U.S. Department of Health and Human Services Secretary Kathleen Sebelius announced today that the Greater Cincinnati community was awarded a $13.8 million Beacon Community cooperative agreement. A part of the Recovery Act, the Beacon Community Program is aimed at achieving measurable improvements in health care quality, safety and efficiency in selected communities.
“Cincinnati Children's has been recognized nationally for its efforts to improve the quality and safety of care for children and families”
"The Beacon program uses health information technology tools to link health providers and other community-wide resources in new and innovative ways," Secretary Sebelius said. "Under the Beacon program, communities first identify leading health problems that are unique to their community, develop innovative, health IT-related strategies, and work together through community collaborations to implement their strategies and track their performance."
The Greater Cincinnati Beacon Collaboration is a 30 month initiative that will use technology and collaboration among a wide range of stakeholders and organizations to catalyze meaningful improvements in the quality and efficiency of health care delivery. HealthBridge and a consortium of partners including the Cincinnati Children's Hospital Medical Center, GE, the Greater Cincinnati Health Council, the Health Improvement Collaborative, and the University of Cincinnati (UC) are the lead organizations for the Greater Cincinnati Beacon Collaboration.

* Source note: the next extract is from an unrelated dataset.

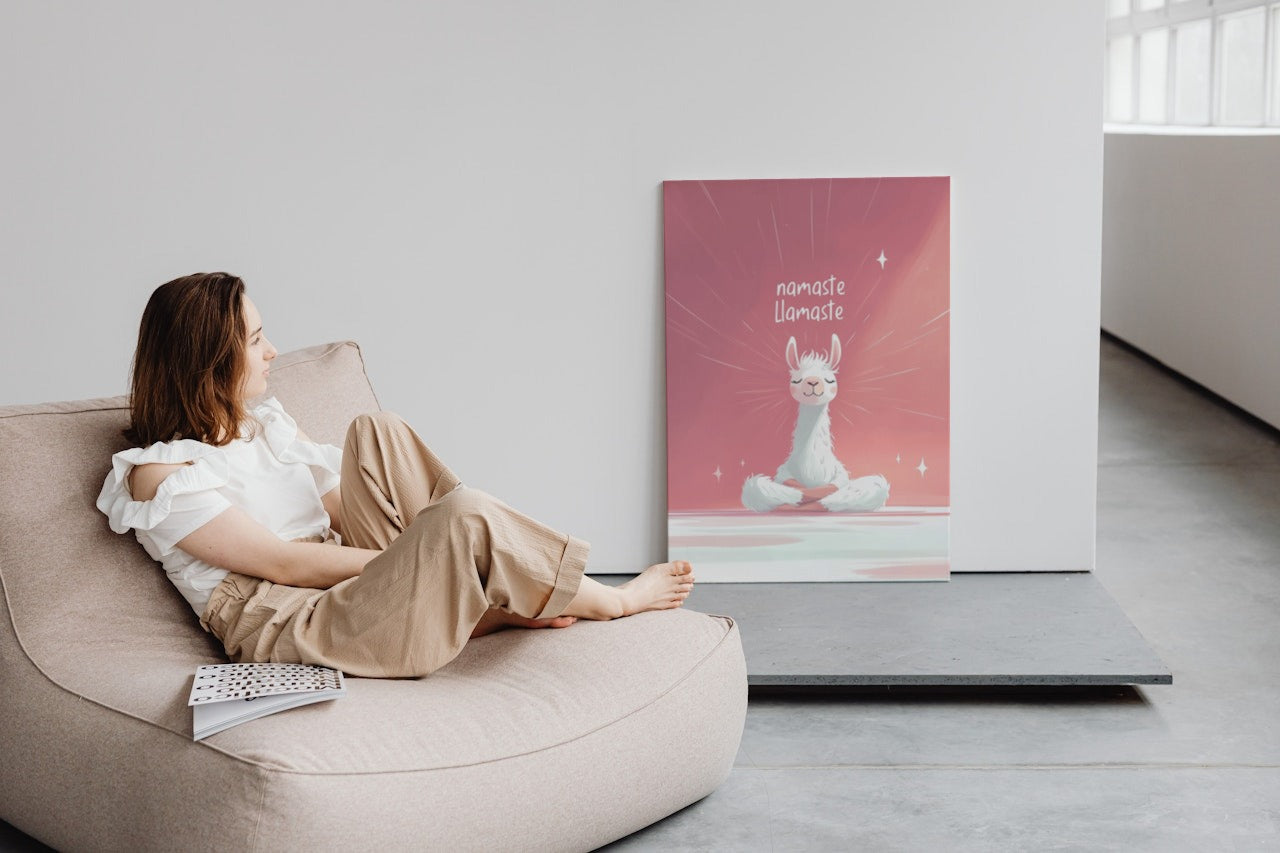 Ob für dein Wohnzimmer, Schlafzimmer oder deine persönliche Meditations-Ecke – "Llamasteeee" fügt sich nahtlos in jede Umgebung ein und unterstützt dich dabei, einen Ort der Ruhe und Balance zu erschaffen.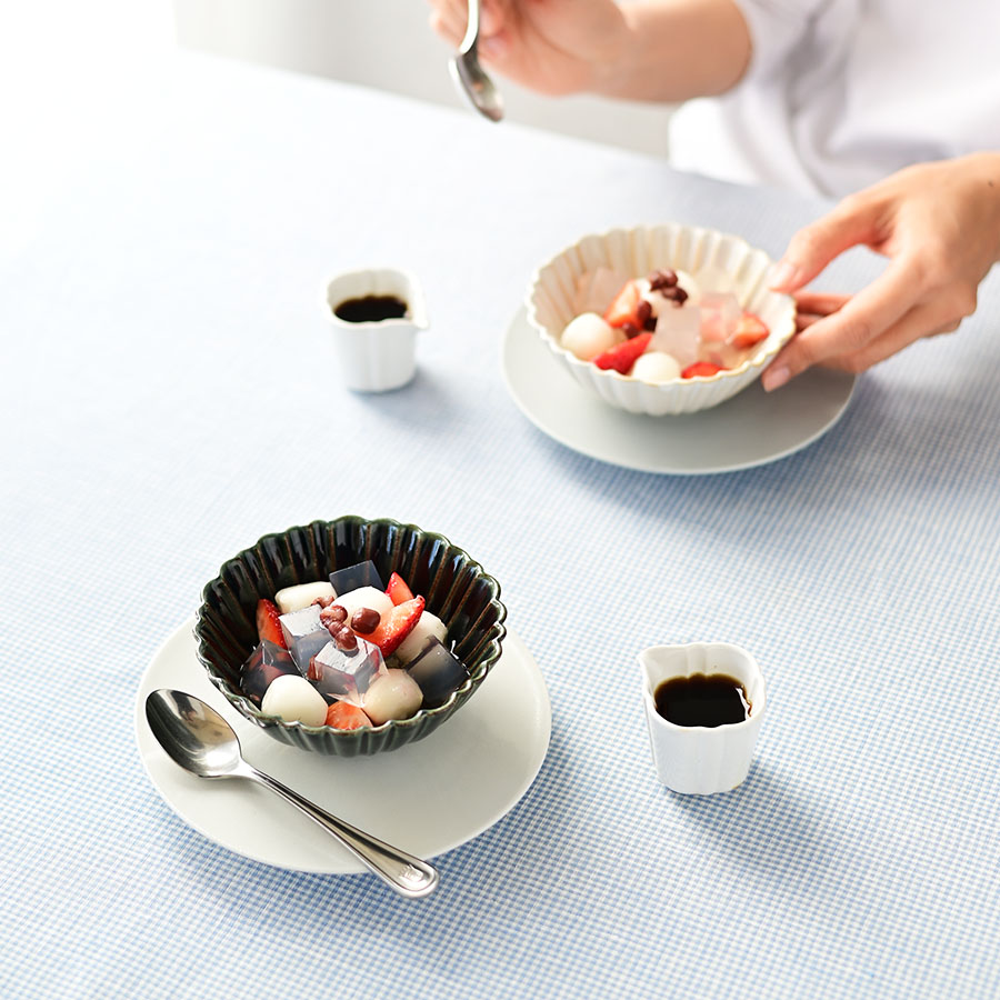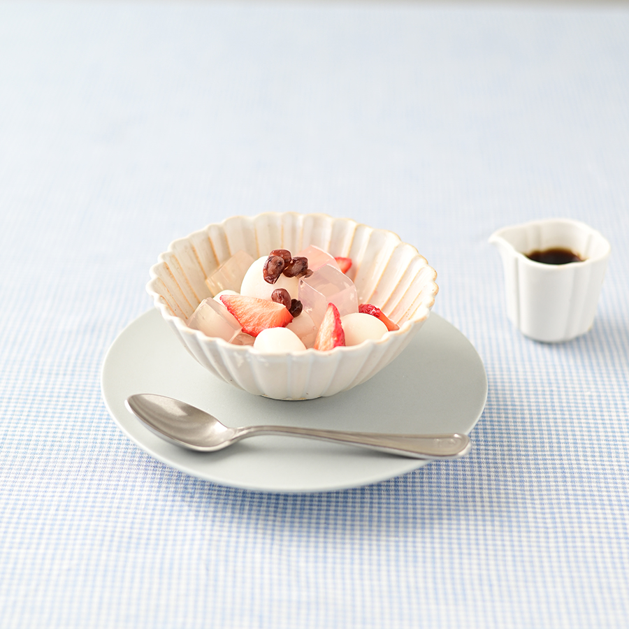 和のデザートとの相性もよく、いちごのあんみつを盛り付けると上品な雰囲気に仕上がります。

"We are delighted to be a part of a select group of communities demonstrating to the nation how technology improvements and community collaboration can bring about real change in our health care system," said Robert Steffel, Chief Executive Officer for HealthBridge. "The announcement today is recognition of the tremendous commitment to collaboration and innovation by health care providers and community leaders in Greater Cincinnati."
Under two large demonstration projects, participants will work to improve care processes for children with asthma and adults with diabetes. These two projects build on and expand efforts that have been underway in the Greater Cincinnati region. The demonstration projects will help physician practices to provide optimal care for patients with asthma and diabetes, reduce preventable visits to emergency rooms and re-hospitalizations, and improve information flow and care coordination as patients move from one care setting to another.
Underlying these projects will be one of the nation's most advanced and secure networks for sharing electronic health information. HealthBridge will provide the technology infrastructure and connectivity: for hospitals to alert care teams when a patient has been released from the hospital and needs follow-up care, for a primary care doctor to send a summary of a patient's medical information electronically to a specialist, for patients to have improved access to their own health information, and for researchers to determine which interventions have the most impact on improving quality, cost and outcomes.
"Few communities can gather all of the unique community, technology and quality improvement assets that the Greater Cincinnati community can," said Robert Graham, M.D., project director for Cincinnati's Aligning Forces for Quality initiative and professor of family medicine at the UC College of Medicine. "This is an ambitious collaboration, but the combined expertise of the community partners, the commitment of employers and health plans, and the dedication of our provider community are second to none."